### PROBLEM DETAILS
The lines below from the one with "- 訳あり!【A4~A5】長崎和牛赤身霜降りしゃぶしゃぶすき焼き用(肩・モモ)1.2kg(600g×2p)( 肉" up to and including the one with "険しい山道を登ると滝が出てき" are what you should set down, exactly and without pictures.
+++ EXERCISE MATERIALS +++
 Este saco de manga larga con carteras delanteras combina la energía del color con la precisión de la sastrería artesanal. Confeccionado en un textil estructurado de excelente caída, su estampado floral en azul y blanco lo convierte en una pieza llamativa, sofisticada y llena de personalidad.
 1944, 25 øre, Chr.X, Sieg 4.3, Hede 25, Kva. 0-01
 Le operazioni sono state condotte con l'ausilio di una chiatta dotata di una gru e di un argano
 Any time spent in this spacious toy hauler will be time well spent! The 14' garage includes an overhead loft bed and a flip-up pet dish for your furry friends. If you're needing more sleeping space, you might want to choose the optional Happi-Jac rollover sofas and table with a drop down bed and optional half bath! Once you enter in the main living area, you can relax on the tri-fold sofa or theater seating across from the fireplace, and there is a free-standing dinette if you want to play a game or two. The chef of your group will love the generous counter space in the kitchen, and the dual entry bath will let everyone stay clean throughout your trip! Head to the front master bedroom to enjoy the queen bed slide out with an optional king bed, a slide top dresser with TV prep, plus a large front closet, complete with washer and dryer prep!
+++
+++ EXERCISE MATERIALS +++
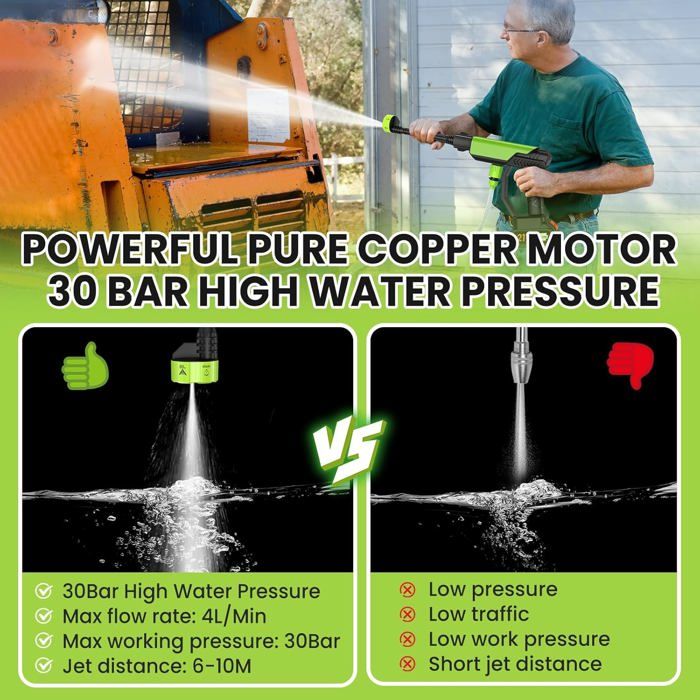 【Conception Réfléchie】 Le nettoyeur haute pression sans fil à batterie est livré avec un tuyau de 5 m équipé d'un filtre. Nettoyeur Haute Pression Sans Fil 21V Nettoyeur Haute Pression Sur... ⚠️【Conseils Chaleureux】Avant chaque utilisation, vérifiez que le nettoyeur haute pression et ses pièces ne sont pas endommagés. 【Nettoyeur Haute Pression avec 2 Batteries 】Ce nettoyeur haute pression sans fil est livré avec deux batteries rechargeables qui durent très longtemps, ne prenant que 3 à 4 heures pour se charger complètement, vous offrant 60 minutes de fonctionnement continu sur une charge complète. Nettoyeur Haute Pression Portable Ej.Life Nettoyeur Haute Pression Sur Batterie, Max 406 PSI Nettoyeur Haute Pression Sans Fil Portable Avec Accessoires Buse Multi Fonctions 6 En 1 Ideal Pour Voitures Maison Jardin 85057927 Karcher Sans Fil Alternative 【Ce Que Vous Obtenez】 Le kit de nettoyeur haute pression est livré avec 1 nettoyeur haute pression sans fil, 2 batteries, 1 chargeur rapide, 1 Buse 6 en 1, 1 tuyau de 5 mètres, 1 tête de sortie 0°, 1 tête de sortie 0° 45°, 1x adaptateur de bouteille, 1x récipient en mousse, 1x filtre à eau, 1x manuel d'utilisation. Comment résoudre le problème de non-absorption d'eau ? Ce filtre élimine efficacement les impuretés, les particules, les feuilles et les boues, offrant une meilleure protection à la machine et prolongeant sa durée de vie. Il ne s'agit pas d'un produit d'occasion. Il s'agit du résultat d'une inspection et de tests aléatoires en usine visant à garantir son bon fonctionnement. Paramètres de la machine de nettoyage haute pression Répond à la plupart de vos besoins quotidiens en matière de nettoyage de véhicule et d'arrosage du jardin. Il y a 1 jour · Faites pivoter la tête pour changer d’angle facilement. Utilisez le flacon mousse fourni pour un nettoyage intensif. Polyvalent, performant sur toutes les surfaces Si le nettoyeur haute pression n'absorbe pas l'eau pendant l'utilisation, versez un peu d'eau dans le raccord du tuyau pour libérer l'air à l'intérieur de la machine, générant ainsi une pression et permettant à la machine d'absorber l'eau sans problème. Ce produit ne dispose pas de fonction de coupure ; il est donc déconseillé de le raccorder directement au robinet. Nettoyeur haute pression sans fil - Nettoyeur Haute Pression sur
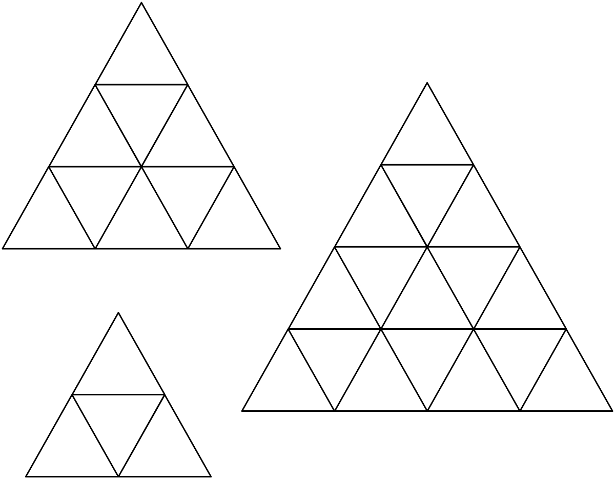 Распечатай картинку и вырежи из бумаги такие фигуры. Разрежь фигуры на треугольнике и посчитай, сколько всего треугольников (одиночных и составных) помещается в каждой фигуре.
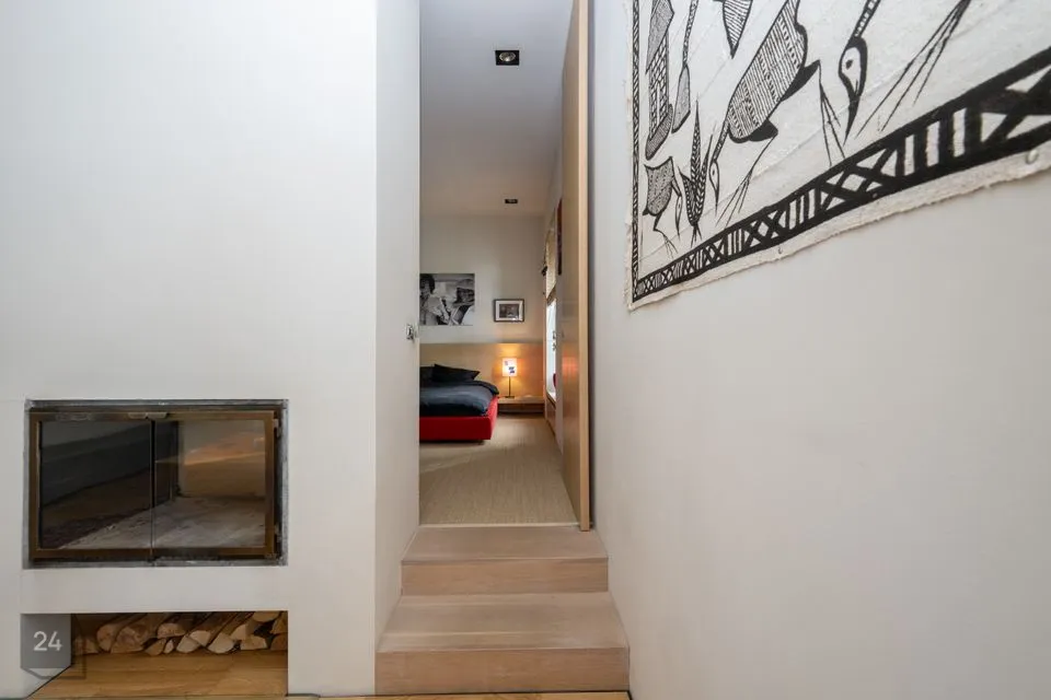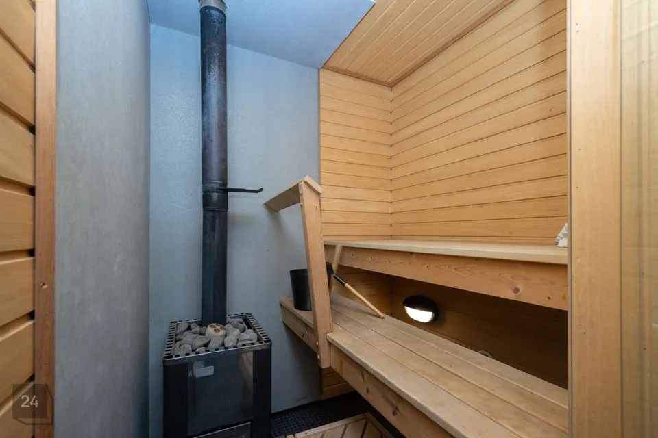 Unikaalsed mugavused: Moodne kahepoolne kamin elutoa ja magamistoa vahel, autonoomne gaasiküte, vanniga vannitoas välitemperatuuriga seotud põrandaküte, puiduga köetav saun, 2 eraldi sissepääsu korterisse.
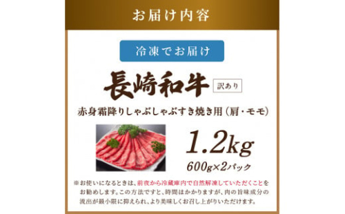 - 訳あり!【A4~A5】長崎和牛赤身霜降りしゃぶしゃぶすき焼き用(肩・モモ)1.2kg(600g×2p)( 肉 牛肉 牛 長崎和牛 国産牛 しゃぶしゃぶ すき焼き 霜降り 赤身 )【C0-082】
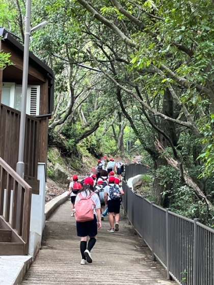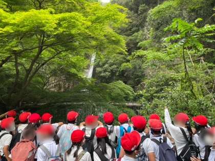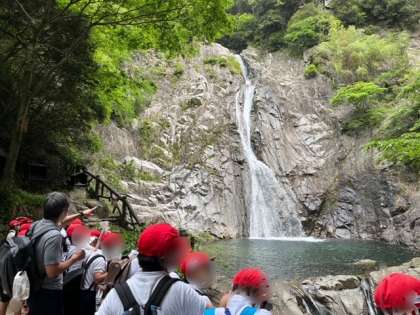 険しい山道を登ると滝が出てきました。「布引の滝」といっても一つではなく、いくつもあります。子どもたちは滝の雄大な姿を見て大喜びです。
+++
### TASK RESULT
 - 訳あり!【A4~A5】長崎和牛赤身霜降りしゃぶしゃぶすき焼き用(肩・モモ)1.2kg(600g×2p)( 肉 牛肉 牛 長崎和牛 国産牛 しゃぶしゃぶ すき焼き 霜降り 赤身 )【C0-082】
 険しい山道を登ると滝が出てきました。「布引の滝」といっても一つではなく、いくつもあります。子どもたちは滝の雄大な姿を見て大喜びです。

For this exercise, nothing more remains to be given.